● **YOUR OBJECTIVE**: For each entry below, output it exactly as it stands.

··· INPUT DATA

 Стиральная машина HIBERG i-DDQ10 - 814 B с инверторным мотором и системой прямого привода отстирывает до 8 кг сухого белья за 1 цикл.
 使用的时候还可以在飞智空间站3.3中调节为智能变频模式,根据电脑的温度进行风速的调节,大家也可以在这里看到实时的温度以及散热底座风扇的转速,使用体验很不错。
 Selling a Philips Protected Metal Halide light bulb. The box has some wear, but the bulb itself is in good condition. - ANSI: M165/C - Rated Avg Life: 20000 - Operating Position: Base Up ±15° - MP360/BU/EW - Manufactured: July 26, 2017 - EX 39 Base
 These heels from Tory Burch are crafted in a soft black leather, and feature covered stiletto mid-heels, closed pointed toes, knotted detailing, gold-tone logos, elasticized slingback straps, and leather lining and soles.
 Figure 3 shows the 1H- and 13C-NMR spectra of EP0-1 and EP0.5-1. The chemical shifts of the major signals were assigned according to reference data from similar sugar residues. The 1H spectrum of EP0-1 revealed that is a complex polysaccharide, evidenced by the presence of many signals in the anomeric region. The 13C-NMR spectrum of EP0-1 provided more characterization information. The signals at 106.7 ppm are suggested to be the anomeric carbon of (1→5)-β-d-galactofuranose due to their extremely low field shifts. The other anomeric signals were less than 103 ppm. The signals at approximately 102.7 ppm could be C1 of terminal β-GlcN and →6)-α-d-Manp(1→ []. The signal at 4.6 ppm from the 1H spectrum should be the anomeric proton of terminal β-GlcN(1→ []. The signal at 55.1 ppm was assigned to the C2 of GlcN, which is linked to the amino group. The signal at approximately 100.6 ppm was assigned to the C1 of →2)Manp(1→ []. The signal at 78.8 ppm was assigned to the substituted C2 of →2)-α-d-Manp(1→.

······

● **EXERCISE SOLUTION**:
 Стиральная машина HIBERG i-DDQ10 - 814 B с инверторным мотором и системой прямого привода отстирывает до 8 кг сухого белья за 1 цикл.
 使用的时候还可以在飞智空间站3.3中调节为智能变频模式,根据电脑的温度进行风速的调节,大家也可以在这里看到实时的温度以及散热底座风扇的转速,使用体验很不错。
 Selling a Philips Protected Metal Halide light bulb. The box has some wear, but the bulb itself is in good condition. - ANSI: M165/C - Rated Avg Life: 20000 - Operating Position: Base Up ±15° - MP360/BU/EW - Manufactured: July 26, 2017 - EX 39 Base
 These heels from Tory Burch are crafted in a soft black leather, and feature covered stiletto mid-heels, closed pointed toes, knotted detailing, gold-tone logos, elasticized slingback straps, and leather lining and soles.
 Figure 3 shows the 1H- and 13C-NMR spectra of EP0-1 and EP0.5-1. The chemical shifts of the major signals were assigned according to reference data from similar sugar residues. The 1H spectrum of EP0-1 revealed that is a complex polysaccharide, evidenced by the presence of many signals in the anomeric region. The 13C-NMR spectrum of EP0-1 provided more characterization information. The signals at 106.7 ppm are suggested to be the anomeric carbon of (1→5)-β-d-galactofuranose due to their extremely low field shifts. The other anomeric signals were less than 103 ppm. The signals at approximately 102.7 ppm could be C1 of terminal β-GlcN and →6)-α-d-Manp(1→ []. The signal at 4.6 ppm from the 1H spectrum should be the anomeric proton of terminal β-GlcN(1→ []. The signal at 55.1 ppm was assigned to the C2 of GlcN, which is linked to the amino group. The signal at approximately 100.6 ppm was assigned to the C1 of →2)Manp(1→ []. The signal at 78.8 ppm was assigned to the substituted C2 of →2)-α-d-Manp(1→.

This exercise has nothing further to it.